The kind of kid who has a favorite true-crime psychopath—New York City's famed Zodiac Killer—Ringeisen also enjoys spinning a good, if a bit more violent than usual, Goatman yarn. His particular favorite, which he unveils while sitting hunched in a big booth in the very empty Ledo Pizza in Seabrook Station, goes something like this:
Two Shenandoah Valley mounted Park Police are patrolling their beat on a cold, foggy night. Eventually, the cops get separated. One pair of horse and rider reports back to their mountaintop station on time, but the other duo fails to show.
In the morning, a massive search party ventures out, and, after a few hours of traversing the tricky climbing terrain, one of the cops spots something off to the side of an overgrown riding path.
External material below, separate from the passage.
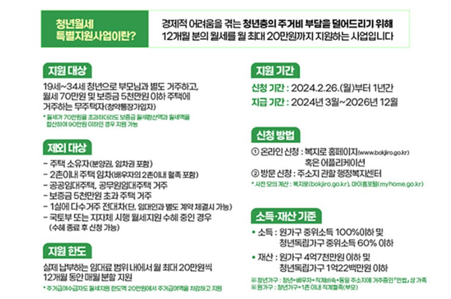 | 청년가구 | 중위소득 60% 이하, 재산가액 1억 2,200만 원 이하 |

At first he can't figure out what he's looking at, but the blood—and the entrails and the inescapable, vomit-inducing stench—tells him that whatever it is, it sure as hell ain't human. Then he makes out the horse's head, abuzz with flies and crawling with plump maggots. Nearby are the animal's broken, skinned legs. The torso is nowhere to be found. And neither is the missing cop.
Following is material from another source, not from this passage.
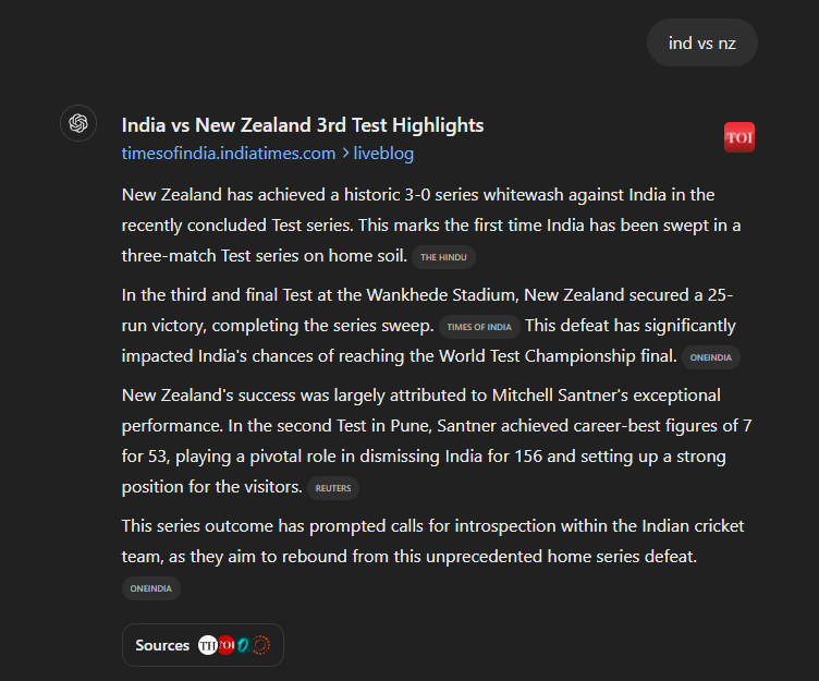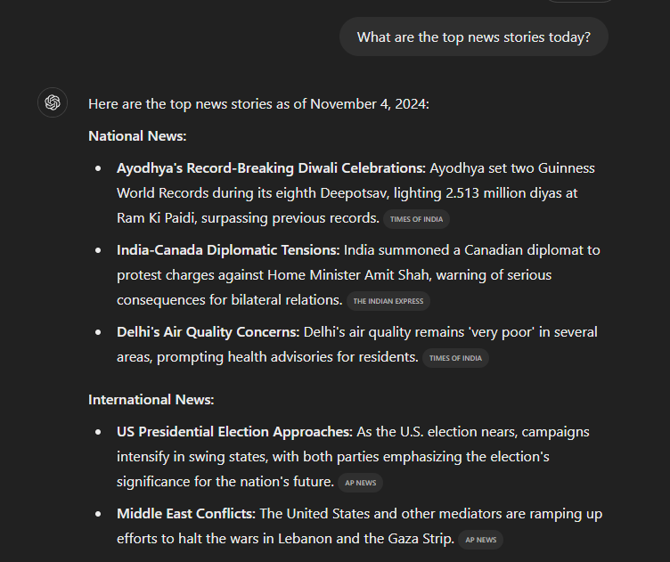 - ChatGPT Search provides contextually aware, real-time updates and search results, along with sources and citations.

Ringeisen was around 10 years old, either in elementary school or at summer camp, when he heard his first Goatman story. It was the lovers' lane classic, which concludes with an innocent young girl—despite the rumors—finding her very dead boyfriend hanging upside down above their car, blood dripping—tap-tap-tap—from his headless torso. Ringeisen grins and shakes his head: "I remember that scared me—not to death, but it scared me." Opsasnick pauses just a moment before the fence opening to check for oncoming trains and then strides in. But we're only allowed a quick perusal of the wide set of three tracks before a CSX coal run rumbles by as an ominous warning. Only the staunchest Goatman supporter would watch the locomotive creep on by and not do the math on the bodyless puppy story that begat Goatman in the first place: Puppy escapes from pen, puppy wanders toward train tracks, puppy meets her untimely end. Simply: Ten-month-old Ginger was not beheaded by a vicious suburban satyr, but was, sadly, shredded by a choo-choo.
Simple as that. Except. Except as we turn back toward his car, Opsasnick spots a rough-looking potbellied man walking toward us from Lacie Edwards' old home.
"I bet that's one of the Hayden brothers," Opsasnick murmurs under his breath. Suddenly, we're confronted by a real-life link to one of the progenitors of the Goatman story.
"Hello," I shout out like an all-too-friendly Avon lady. "We're here about the Goatman!"
Forty-eight-year-old Raymond Hayden, John Hayden's older brother, is neither surprised nor impressed by our presence. And, perhaps weary of the legend that just won't die—will probably, hopefully, never die—he plainly announces to a couple of wannabe believers, "The whole fuckin' thing was, the dog got hit by a train."
Just like that, Goatman is dragged out of the bushes of imagination and shot before our eyes.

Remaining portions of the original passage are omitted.